施設周辺の泥を洗い流す店舗従業員ら=18日午後2時ごろ、宮古市田老の「道の駅たろう」
ようやく駐車場に積もった泥の撤去を終えた「道の駅たろう」=18日午後3時ごろ、宮古市田老

 東日本大震災で壊滅的被害を受けた宮古市田老地区が再び、惨禍に見舞われた。地元住民が「復興の象徴」と呼ぶ「道の駅たろう」は、台風19号の豪雨で水浸しとなり、一面泥に覆われてしまった。営業再開に向けて後片付けは急ピッチで進むが、関係者の落胆は大きい。
 震災前の地区中心部に立地する道の駅は、2016年に仮営業が始まった。地区の復興と足並みを合わせるように施設数を徐々に増やして18年4月、本格開業にこぎ着けた。しかし−。
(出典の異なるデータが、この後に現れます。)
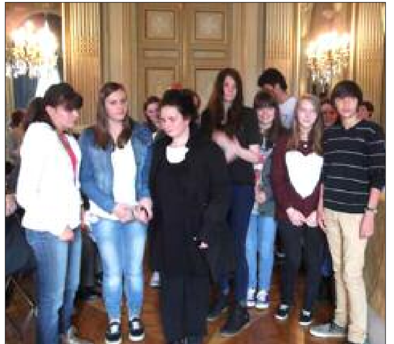
Les collégiens belvésois dans les salons de la préfecture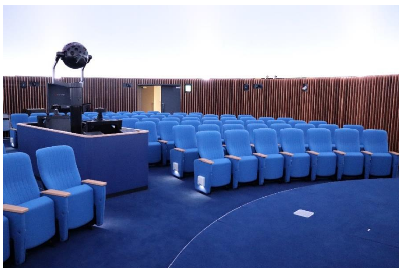
プラネタリウムホール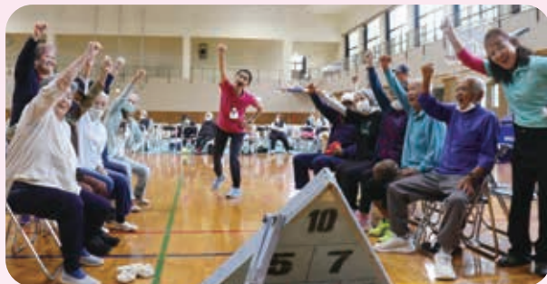
44チームが出場 参加者217名 「チャーがんじゅう賞」24名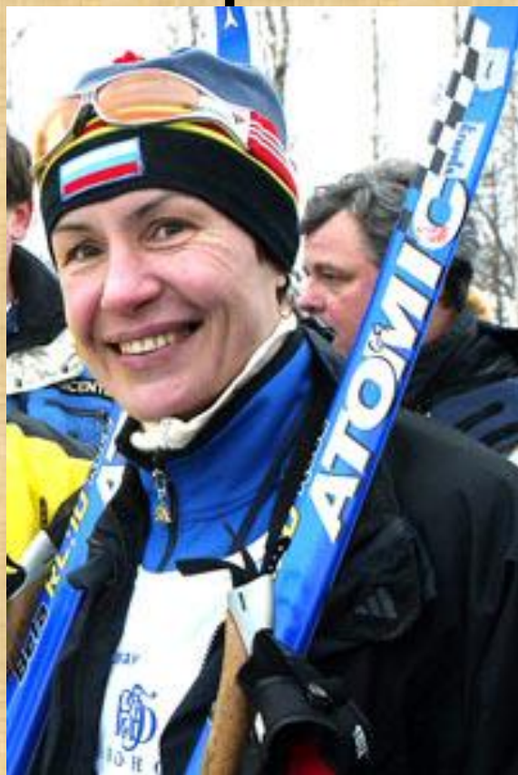
Егорова Любовь Ивановна 05. 05. 1966 г. Герой России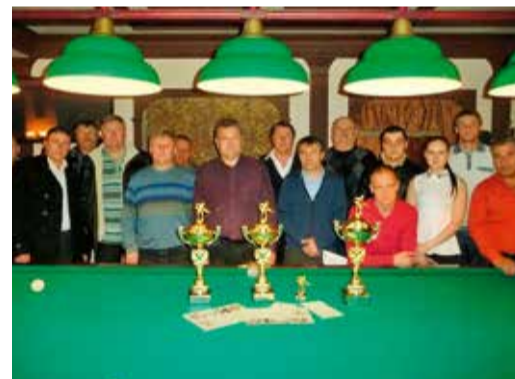
Лучшие бильярдисты УТТиСТ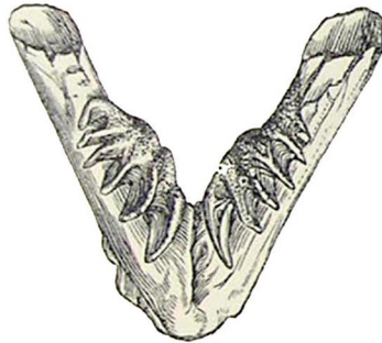
Fig. 32. Unterkiefer des Molchfisches Ceratodus Forsteri mit dem einzelnen Kammerzahn jederseits.

der beiden Flüßchen Burnett und Mary in Queensland in Australien; in vielen Büchern findet man statt des echten einheimischen Namens Djelleh für ihn die Bezeichnung „Barramunda“ oder „Barramundi“, es beruht das aber auf einer Verwechslung mit einem ganz anderen Fisch. Er besitzt ein eigentümliches Gebiß, nämlich in jeder Hälfte des Unterkiefers einen einzelnen großen Zahn mit hirschgeweihartigen Sprossen (Fig. 32), dem oben am Gaumen jederseits ein ähnlicher Zahn entspricht. Diese Bezahnung kam nun, als man den Queenslandler zuerst kennen lernte, den Paläontologen sogleich sehr vertraut vor, denn auf vollkommen ähnliche, nicht leicht mit einem andern Zahntypus zu verwechselnde Hirschgeweihzähne aus Trias- und Juraschichten hatte man längst eine fossile Fischgattung „Hornzahn“ oder Ceratodus getauft, und indem man jetzt das lebende Tier direkt der Gattung einreihete, besaß man mit hoher Wahrscheinlichkeit eine Ahnenreihe der Molchfische bis an den Anfang der Sekundärzeit zurück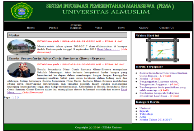
Gambar 1. Halaman Utama Sistem

Halaman ini merupakan halaman utama yang tampil di saat sistem dijalankan, pada halaman ini terdapat beberapa menu yaitu menu home, menu profil, menu program kegiatan, menu video, menu news, menu galeri, dan contact us. Agar lebih jelas dapat dilihat pada gambar berikut: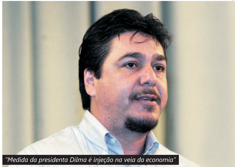
"Medida da presidenta Dilma é injeção na veia da economia"

O presidente do Sindicato, Rafael Marques, declarou ontem que ações como o corte na conta de luz anunciado pela presidenta Dilma Rousseff - que reduzirá o preço da energia em 18% nas residências e em 32% na indústria - são essenciais para desenvolvimento do Brasil.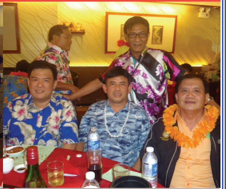
District Membership Committee Meeting, Aug. 14, 2013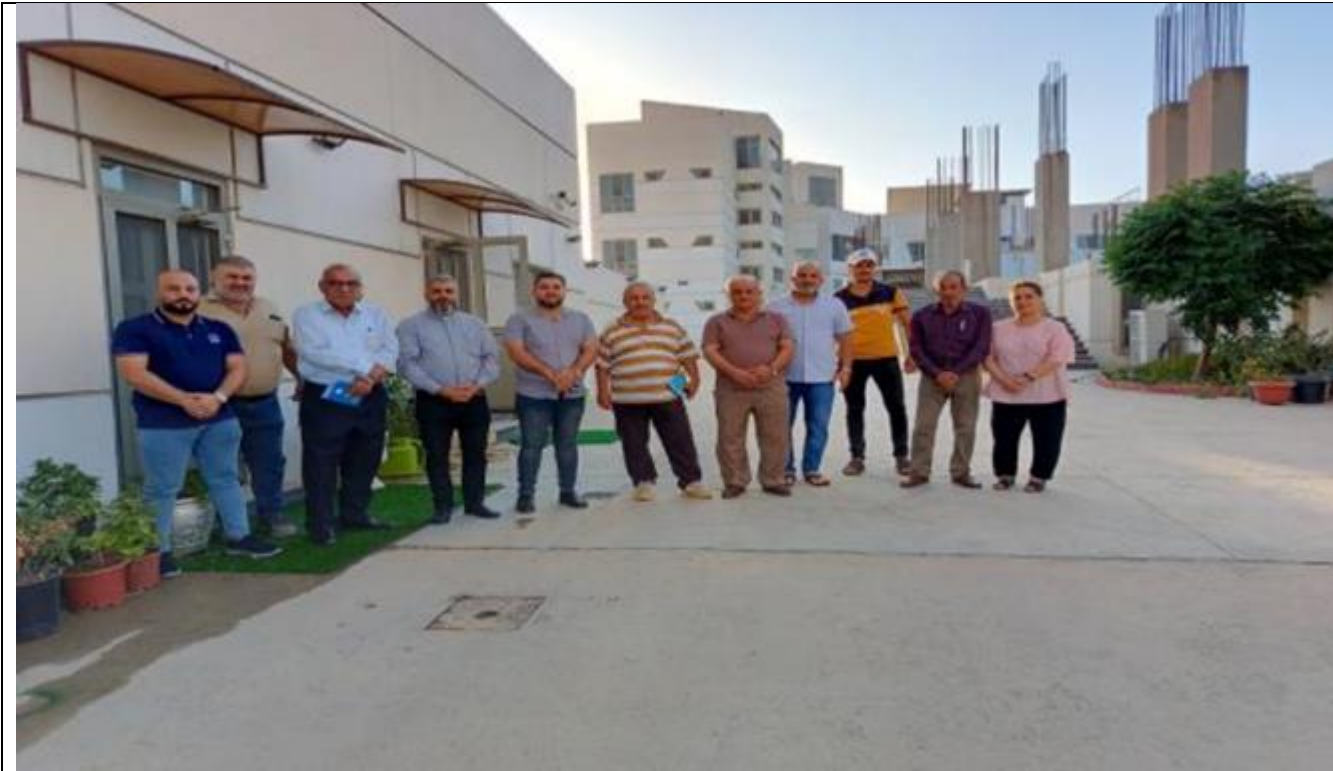
Public Consultations at SIKANYAN Village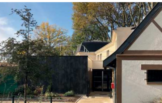
Multi accueil Simone Veil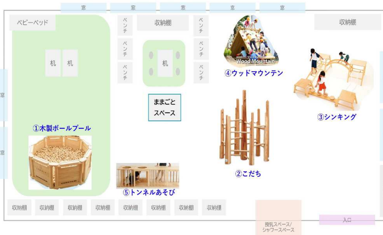
福光児童館 子育て支援室 (A=110.0㎡)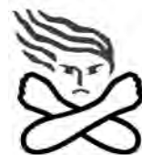
女性に対する暴力根絶のマーク

DV（ドメスティック・バイオレンス）、性犯罪、ストーカー行為、売買春、人身取引、セクシュアルハラスメントなど「女性の人権を侵害するあらゆる行為」のことです。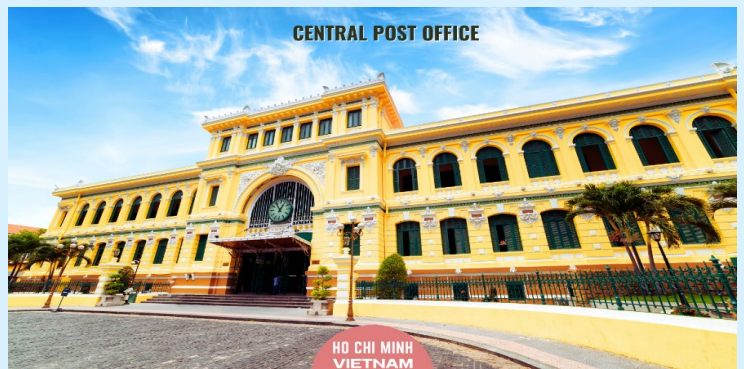
CENTRAL POST OFFICE

สมควรแก่เวลานำท่านเดินทางสู่ สนามบินเดินเซินญี๊ต เพื่อเดินทางกลับสู่ประเทศไทย

 13日未明から降り続いた台風豪雨で近くを流れる荒谷沢(ありやのさわ)川が越水。全10施設が最大約1メートル浸水した。駐車場は約15センチの泥に覆われ、台風襲来から1週間を経た今も道路脇には流木が散乱している状態だ。
 道の駅の一画では観光客に震災語り部を紹介する「たろう潮風ステーション」が被災した。
 事務所内の惨状を目の当たりにした防災ガイドの小幡実さん(63)は「津波で自宅が流され、やっと生活が落ち着いてきたと思っていた。生きることにも半分うんざりしてくる」と肩を落とす。
 1948年創業の「善助屋食堂」も店内の施設が壊れ、営業再開のめどが立たない。
 以前の店舗は津波で流失。営業再開を熱望する地元住民に励まされて再起したが、厨房(ちゅうぼう)を切り盛りする赤沼秋子さん(67)は「震災後は頑張って復興しなきゃと思ったが、今は力も入らない」と悲嘆に暮れる。
 19日の宮古は再び雨が降りしきり、市は全域に避難勧告を発表。道の駅の片付け作業も中止になった。市田老総合事務所によると、各施設の消毒作業は数日で終了する見通しで、準備が整った施設から順次再開する。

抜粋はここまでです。